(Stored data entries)
==*==
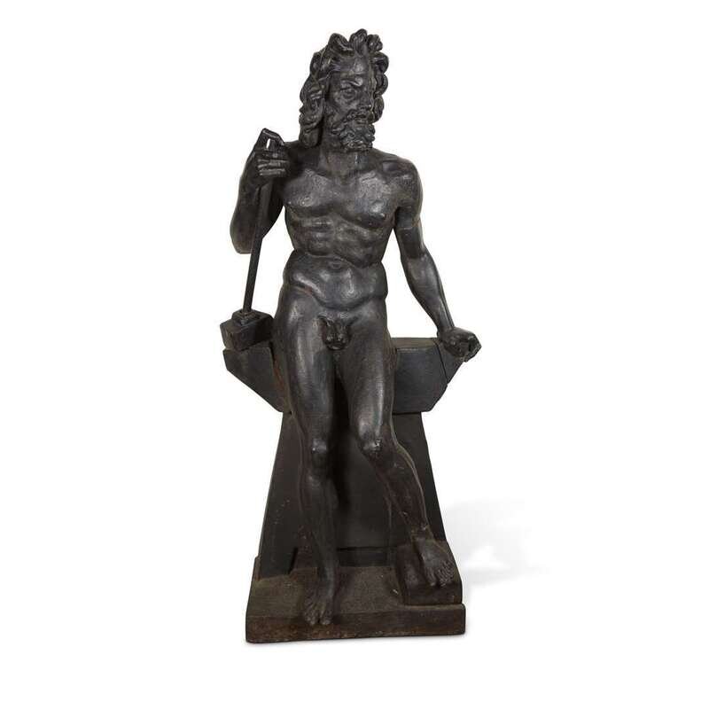 A black painted cast iron figure of Vulcan late 19th/early 20th century
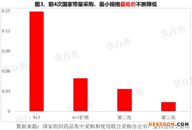 單一品種的最大降價幅度再次刷新,本次降幅最大的是石藥的美金剛,降幅高達98.72%,超過前3次國采最高降幅96%的紀錄(“4+7”中選的富馬酸替諾福韋酯二吡呋酯片,成都倍特),更高過“4+7”擴圍時的78%(阿托伐他汀鈣10mg,齊魯海南)和第二批的93%(鹽酸左西替利嗪片5mg,湖南九典),且降本次國采降幅超過90%的產(chǎn)品多達30多個。
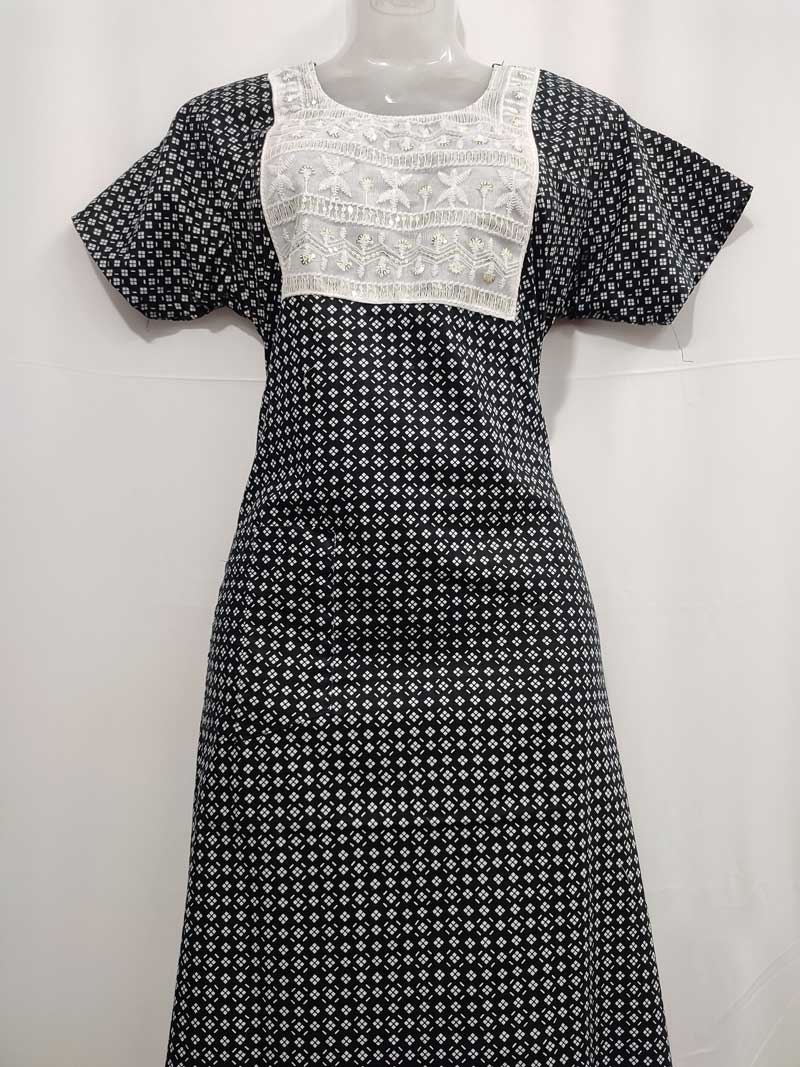 Comfortable Churidar Model Cotton Nighty, 55 Inches Long – Black
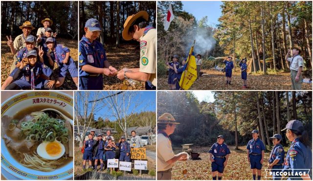 楽しかったくまキャンプもいよいよ終わりです。くまの修了章を隊長から渡され、ボーイ隊上進に一歩近づいた誇らしい顔のくまスカウトたち。帰りにはお待ちかねの「ラーメン」を食べて、電車に乗りました。
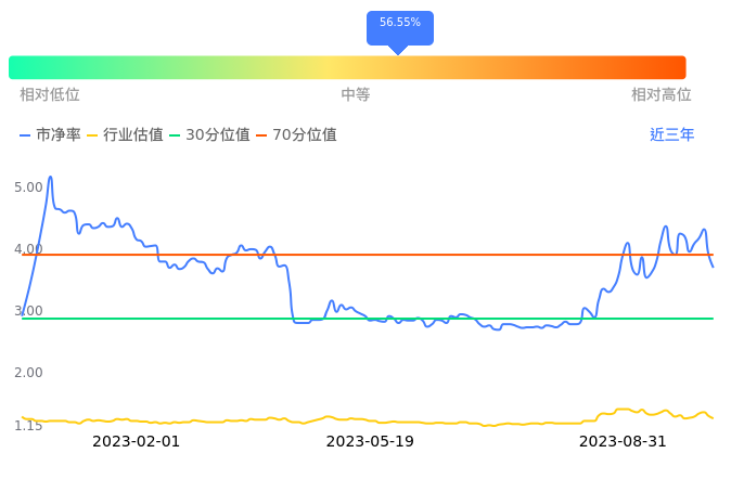 信达证券当前市净率PB为3.70,在所属的证券中,市净率PB排47,前五名分别为海通证券市净率0.77、华创云信市净率0.83、国元证券市净率0.90、国泰君安市净率0.91、华泰证券市净率0.97。信达证券当前市净率PB为3.70,超过近3年56.55%的历史数据。
==*==
● **Task instructions**
From the line containing "楽しかったくまキャンプもいよ" through the last line of the data above, write out every line word for word, and nothing else. Do not include the pictures.

● **Result of the task**
 楽しかったくまキャンプもいよいよ終わりです。くまの修了章を隊長から渡され、ボーイ隊上進に一歩近づいた誇らしい顔のくまスカウトたち。帰りにはお待ちかねの「ラーメン」を食べて、電車に乗りました。
 信达证券当前市净率PB为3.70,在所属的证券中,市净率PB排47,前五名分别为海通证券市净率0.77、华创云信市净率0.83、国元证券市净率0.90、国泰君安市净率0.91、华泰证券市净率0.97。信达证券当前市净率PB为3.70,超过近3年56.55%的历史数据。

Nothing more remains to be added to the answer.